Paranoid parts of my brain


One of my favorite libertarian bloggers, Becky C. over at Just A Girl in short shorts talking about whatever, has called it quits. Now her reasons are her own, I'm not going into details. You can read about it there.

But here is where my paranoia gets going. A negative commenter accused her of stealing the image of a model/actress for her own profile page. The resemblance is pretty strong. I also have to say that I've seen plenty of celebrity pictures used in groups and on blogs, and that Becky never actually claimed the picture was of her.
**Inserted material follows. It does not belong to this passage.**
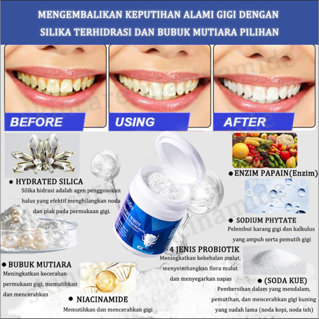 Pemutih gigi Teeth Whitening Powder Penghilang Karang Kuning Permanen 100% original Menghilangkan Noda Pemutih Gigi Bubu

And just like the commenter intended, it's only one small step to the next question. If the picture isn't of her, what else on the site might be fictional?

Gods, I hate asking the question. But it seems to me that Becky's reaction is out of character.

I'll admit I like my privacy and I have gone out of my way to keep people from linking NeoWayland to my legal identity. I've also never made any secret that I've gone to great lengths to keep my legal identity off the web. And I do spend a fair time wandering the internet with names you'd never recognize. Politically and religiously, I AM the NeoWayland. I avoid conflict or provocation with my other aliases these days, pretty much since I took the title of NeoWayland in fact.

I'm moderately good at sniffing things out through the internet. Considering some of the people I've had to deal with, that is not exactly surprising.

So do I scratch my curiosity bump? Or do I assume that Becky C. has told the truth, mostly? As far as I know, she hasn't hurt anyone, certainly not me or mine. I've no reason to look any closer.

I am a big believer in live and let live.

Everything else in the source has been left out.